On discrete distributions, exact cdf, pdf and p_value are

```
  <Distribution shortname>_(ecdf|epdf|ep)
```

Shortnames for distributions:

  * Normal: norm
  * Bivariate Normal: bnor
  * T: tdist
  * F: fdist
  * Chi Square: chisq
  * Binomial: bino
  * Hypergeometric: hypg
  * Exponential: expo
  * Poisson: pois
  * Beta: beta
  * Gamma: gamma
  * LogNormal: lognormal
  * Uniform: unif

## Roadmap

This gem wasn't updated for a long time before I started working on it, so there are a lot of work to do. The first priority is cleaning the interface and removing cruft whenever possible. After that, I want to implement more distributions and make sure that each one has a RNG.

### Short-term

- Define a minimal interface for continuous and discrete distributions (e.g. mean, variance, mode, skewness, kurtosis, pdf, cdf, quantile, cquantile).
- Implement `Distribution::Uniform` with the default Ruby `Random`.
- Clean up the implementation of normal distribution. Implement the necessary functions.
- The same for Student's t, chi square, Fisher-Snedecor, beta, gamma, lognormal, logistic.
- The same for discrete distributions: binomial, hypergeometric, bernoulli (still missing), etc.

### Medium-term

- Implement [DSFMT](http://www.math.sci.hiroshima-u.ac.jp/~m-mat/MT/SFMT/) for the uniform random generator.
- Cauchy distribution.

### Long-term

- Implementing everything in the distributions x functions table above.

## Issues

* On JRuby and Rubinius, BivariateNormal returns incorrect pdf

For current issues see the [issue tracker pages](https://github.com/sciruby/distribution/issues).

## OMG! I want to help!

Everyone is welcome to help!

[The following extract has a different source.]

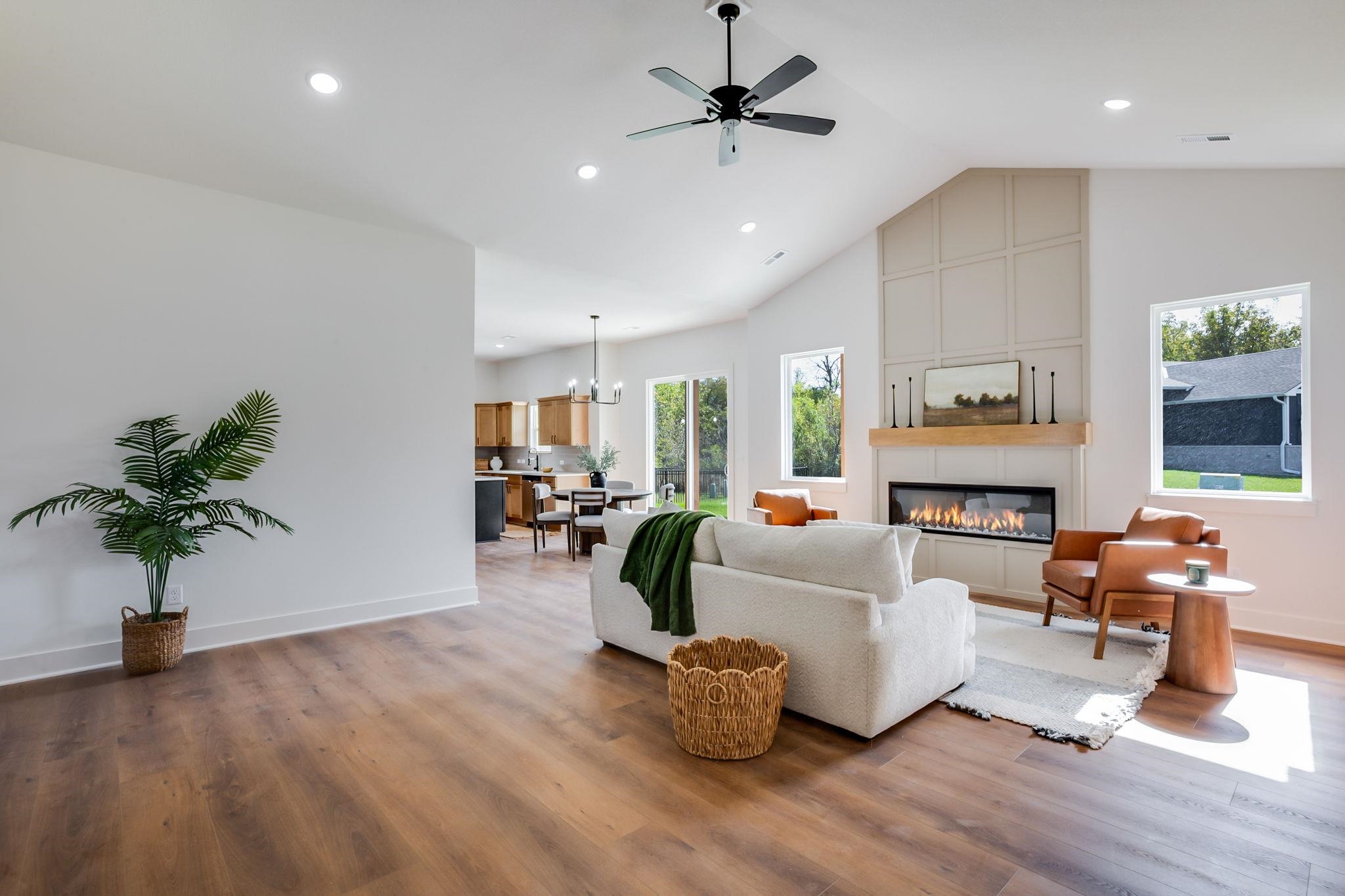 - Description: The Rowan floor plan is a great no step entry design located on a corner lot. this home offers 3 bedrooms, 2 baths, open great room/dining/kitchen area. There is also a decorative electric fireplace in the great room. The home has a U=shaped kitchen with center island, perfect for entertaining, large walk in pantry and covered patio. The Master suite includes double vanities, tiled shower and walk in closet. Perfect for the person that is tired of stairs with easy access to the entry, covered patio, garage etc. The price includes sprinkler system and landscaping.

Please, test these distributions with your own use
cases and give a shout on the issue tracker if you find a problem or something
is strange or hard to use. Documentation pull requests are totally welcome.
More generally, any ideas or suggestions are welcome -- even by private e-mail.

If you want to provide a new distribution, run `lib/distribution`:

```
$ distribution --new your_distribution
```

This should create the main distribution file, the directory with Ruby and GSL engines and specs on the spec/ directory.